運転資本とキャッシュコンバージョンリスク: 売掛金50.6億円(DSO66日)と回収サイトが長期化し、営業CF小計23.9億円から最終17.6億円への減少は運転資本吸収を反映。契約負債の純増鈍化(前年+3.9億円→当期+1.8億円)も加わり、OCF/EBITDA 0.77倍とキャッシュ転換力は業界目安の0.9倍を下回る。受注拡大局面での前受金積み増しと売掛金回収の効率化が進まない場合、成長とキャッシュ創出の両立が困難となり、手元流動性の取り崩しや外部資金調達の必要性が高まる可能性がある。
収益性・リターン
| 指標 | 自社 | 中央値 (IQR) | Delta |
|---|---|---|---|
| 営業利益率 | 5.6% | 8.1% (3.6%–16.0%) | -2.5pt |
| 純利益率 | 3.2% | 5.8% (1.2%–11.6%) | -2.6pt |
営業利益率・純利益率ともに業種中央値を下回り、収益性は業界内で中位以下に位置。Products事業の赤字継続と販管費率が要因。
成長性・資本効率
| 指標 | 自社 | 中央値 (IQR) | Delta |
|---|---|---|---|
| 売上高成長率(前年比) | 13.5% | 10.1% (1.7%–20.2%) | +3.4pt |
売上高成長率は業種中央値を3.4pt上回り、成長性では業界平均以上の水準を確保。Solution事業の受注拡大が牽引。
※出所: 当社集計
主力Solution事業の安定成長とProducts事業の収益化進捗が全社マージン拡大の焦点。Solution事業は利益率12.3%と高収益を維持し、契約負債の積み上がりは受注残の順調な増加を示唆。一方、Products事業は-1.3億円の赤字継続で、無形資産償却負担5.1億円が利益を圧迫。営業利益率5.6%は業種中央値8.1%を2.5pt下回り、Products事業の黒字化達成が業界平均水準への収斂に向けた鍵となる。通期計画で営業利益率7.4%を見込む背景には、下期のProducts事業改善が織り込まれており、進捗のモニタリングが重要。

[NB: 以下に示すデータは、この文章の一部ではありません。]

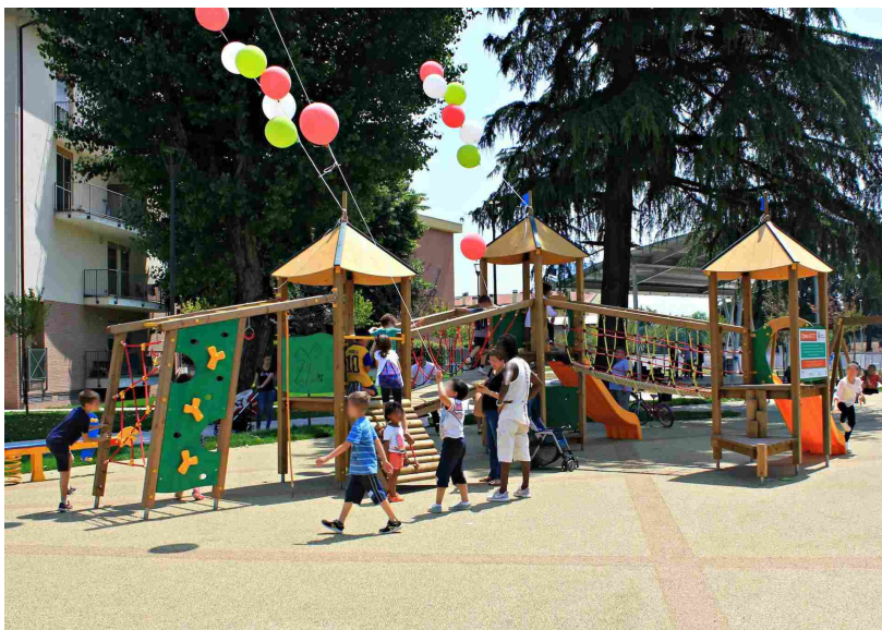
Il parco giochi di Cesano Boscone, inaugurato lo scorso giugno, è stato realizzato con pavimentazione in materiale granulare ottenuto dal riciclo di scarpe sportive consumate

キャッシュ創出力とB/Sの健全性は極めて高く、成長投資・配当のオプション価値が大きい。フリーCF16.6億円は配当2.1億円の8.0倍を賄い、現金預金82.7億円、自己資本比率67.4%、Debt/EBITDA 0.09倍と財務余力は圧倒的。ただし、営業CF/EBITDA 0.77倍とキャッシュコンバージョンは改善余地があり、DSO66日の短縮と契約負債の積み増し強化がOCF拡大のレバーとなる。配当性向13.1%は保守的で、Products事業の黒字化後は総還元性向の引き上げが株主還元強化の選択肢として浮上する。通期配当予想0円は成長投資優先の方針を示すが、財務余力を踏まえると配当継続の持続可能性は十分に担保されている。